Tribodus limae was first described by Brito

(1992), who reconstructed it as generally similar in overall morphology to that of Egertonodus basanus and other previously described hybodonts. However, that description was based on an incomplete specimen (lacking much of the ethmoid region and postorbital processes), the only material then available (fig. 2). Later, Maisey and Carvalho (1997) announced the discovery of a more complete specimen, AMNH 13958. Although this specimen (fig. 3) was mentioned in several later papers, revealing a selection of intriguing morphological details ( Maisey, 2004a, 2005, 2007), a complete description of its morphology has not been presented until now. Additional specimens of Tribodus limae neurocrania have since been discovered and are included in the present description (figs. 4, 5). CT scans of the braincase of AMNH 13958 were examined for the present study (figs. 6– 9), and were used to produce digitally rendered images of the braincase (figs. 10–14), cranial endocast (figs. 15–18), and skeletal labyrinth (figs. 19–22), described below.

Tribodus limae has a platybasic braincase (fig. 10), wedge shaped to trapezoidal in lateral view (fig. 13), in which the dorsal surfaces of the occipital and ethmoid regions slope downward to form obtuse angles with the top of the orbitotemporal region. When viewed under a light microscope, the pattern of prismatic calcified cartilage is visible on the surface of the neurocranium as a thin layer composed of dark brown tesserae, which appear rounded to polygonal in shape. The prismatic cartilage is particularly visible on the ventral surface of the braincase, and in the area surrounding the parietal (5 endolymphatic) fossa dorsally. This prismatic pattern is also visible in many of the other cartilaginous skeletal elements in the AMNH specimens of Tribodus , except those in which the surface was abraded during preparation (e.g., the jaws of AMNH FF 13958). As in other hybodonts and neoselachians (and unlike many Paleozoic sharks), most of the skeleton is covered with only a single layer of prismatic cartilage, which wraps around to cover both outer and inner surfaces including that of the endocranial space.

In dorsal view (fig. 10) the braincase is weakly triangular, with the otico-occipital region approximately 1.5 times wider than the ethmoid region. Although the distal parts of the postorbital processes (figs. 10–13: popr) are broken off, their lateral extent can be extrapolated based on the shape of the preserved portion of each process. Based on this, it can be concluded that the widest part of the braincase was across the otic region, rather than between the postorbital processes as in Egertonodus ( Maisey, 1983) . The maximum width of the braincase in Tribodus is 88.5 mm, 78% of its total length of 113 mm. As in Egertonodus ( Maisey, 1983) , the width of the neurocranium is only slightly less than its length.

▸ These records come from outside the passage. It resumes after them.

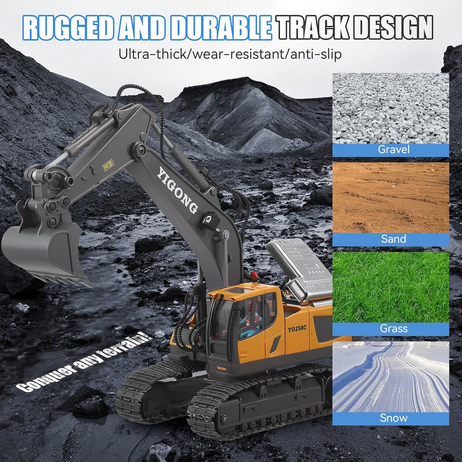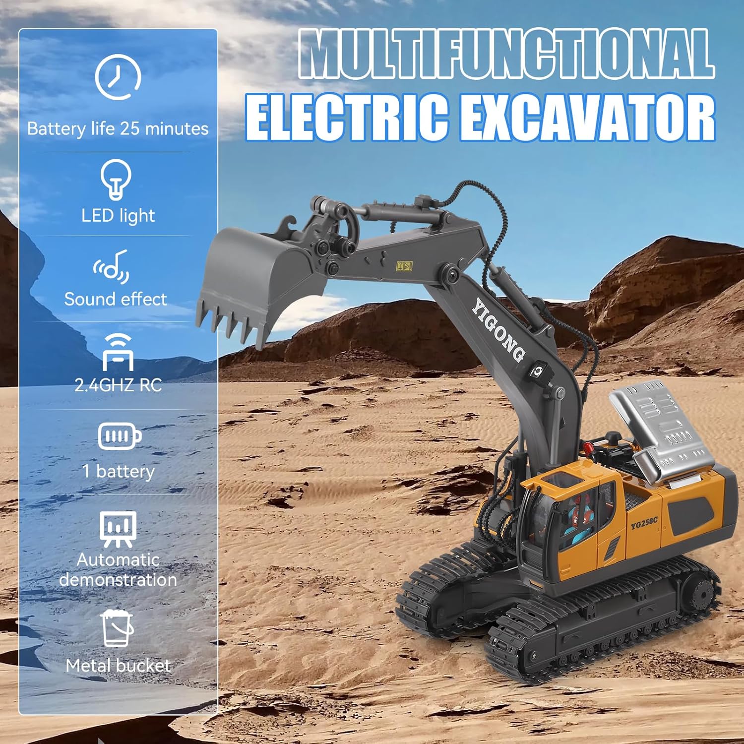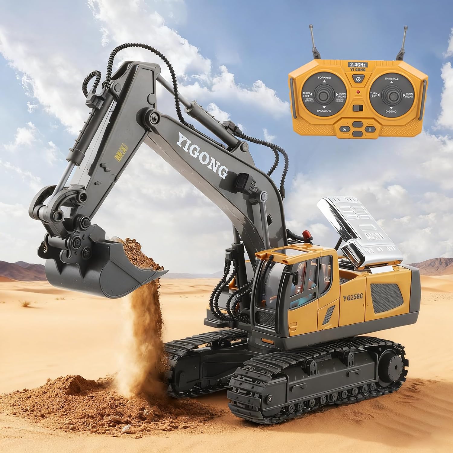 Играчка багер с дистанционно управление със светлина и звук за момчета 3-12 години, 2.4 GHz акумулаторен RC багер с алуминиева лопата и въртене на 680°, детски подарък за момчета за рожден ден и Коледа
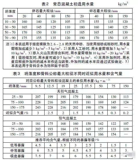 1)根據(jù)混凝土的暴露等級決定其是否需要引氣,再分別針對引氣混凝土和無引氣混凝土,根據(jù)施工要求的工作度和骨料最大粒徑初選用水量和含氣量;
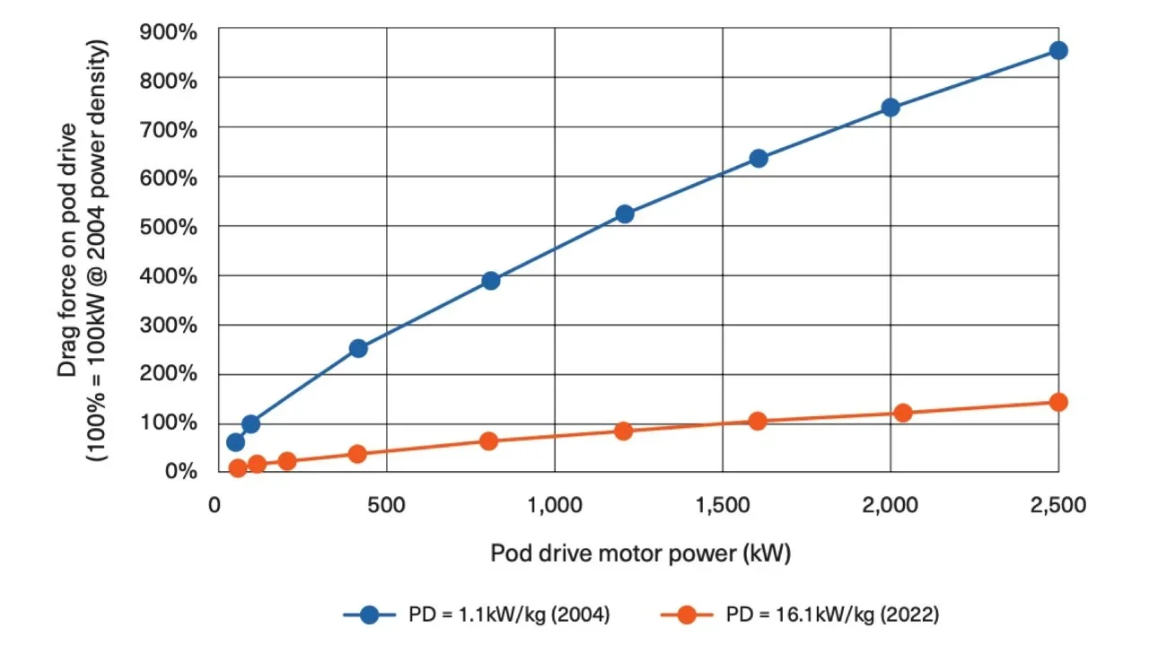 Pero hay una trampa. Las unidades de ABB son del tamaño de una casa pequeña. Para obtener la potencia necesaria para mover un barco propiamente dicho, el motor eléctrico tenía que ser masivo. Cuando metes un motor masivo bajo el agua, crea resistencia. Intenta nadar usando una parka y te harás una idea.
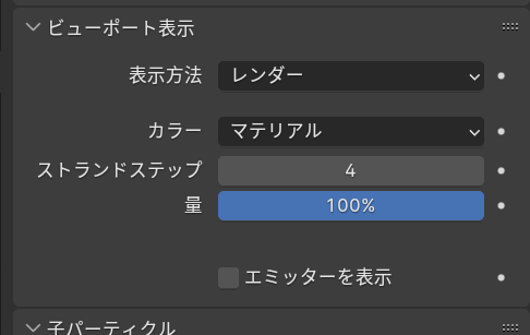 ビューポート表示のストランドステップを4、エミッターを表示からチェックを外しておきます。
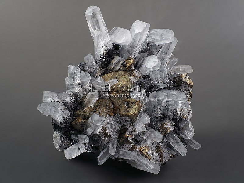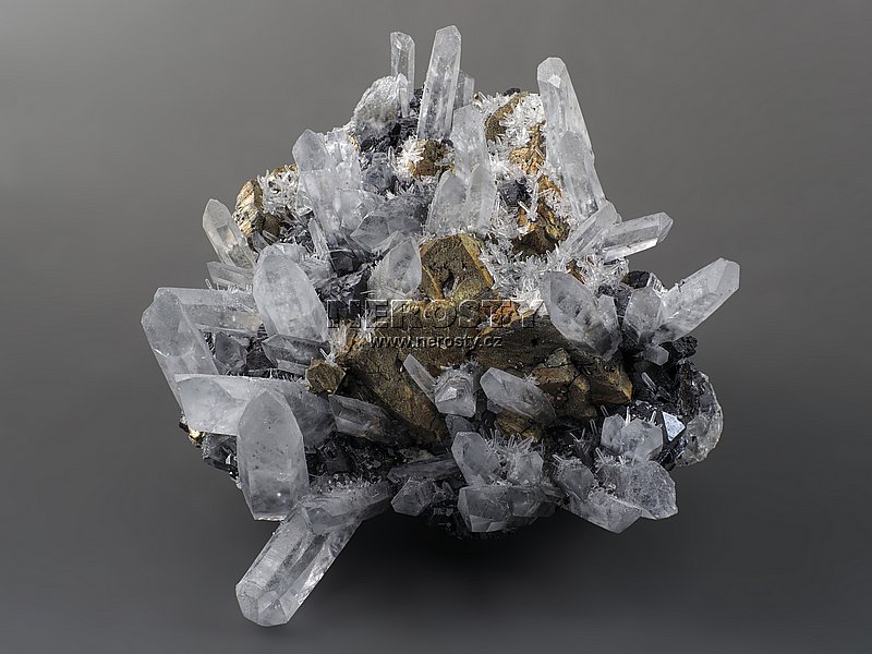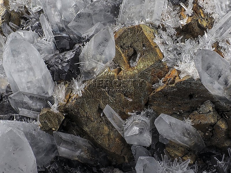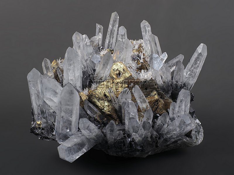Velké krystaly zlatého chalkopyritu s křišťálem.

The margins of the orbits form a more complete oval than in Egertonodus basanus ( Maisey, 1983) , in which the broad forwardpointed postorbital processes give the orbits a more anteriorly directed appearance. A major difference between Tribodus and Egertonodus is the lack in Tribodus of an anteroposterior ventral ethmoidal keel (the ‘‘caudal internasal keel’’; Maisey, 1983: figs. 9B–D: cik; this paper, figs. 29B, 33, 34: cik). Instead, the ventral surface of the ethmoid region in Tribodus is smooth and very slightly convex both anteroposteriorly and transversely, and slopes posteroventrally before joining with a median ventral process (fig. 11: mvpr), located between and directly posterior to the antorbital processes. Tribodus also lacks the inflated ethmopalatine processes of Egertonodus . A raised supraorbital crest is present above the orbits in Tribodus . At the widest part of the neurocranium (at the level of the otic capsules) are paired, rectangular, laterally concave structures, which are fibrous and lack prismatic calcification (fig. 3: csa). These have been identified as the points of articulation for the cephalic spines ( Maisey and Carvalho, 1997). The convexly curved cephalic spine bases fit neatly within these concave, bowl-shaped platforms, with the curved distal cusps of the spines directed posteriorly. Elevated ridges on the cranial roof immediately anterior and posterior to the parietal fossa correspond to the positions of the anterior and posterior semicircular canals (cf. Notorynchus ; Maisey, 2004b). As in Egertonodus basanus ( Maisey, 1983) and many other hybodonts, the otico-occipital region is ‘‘telescoped’’ forward between the postorbital processes, so that the otic capsules are situated between these processes (unlike many Paleozoic sharks, in which the otic capsules are located behind the postorbital processes). However, in Egertonodus the occiput projects somewhat farther posteriorly than it does in Tribodus and most neoselachians (cf. Maisey, 1983).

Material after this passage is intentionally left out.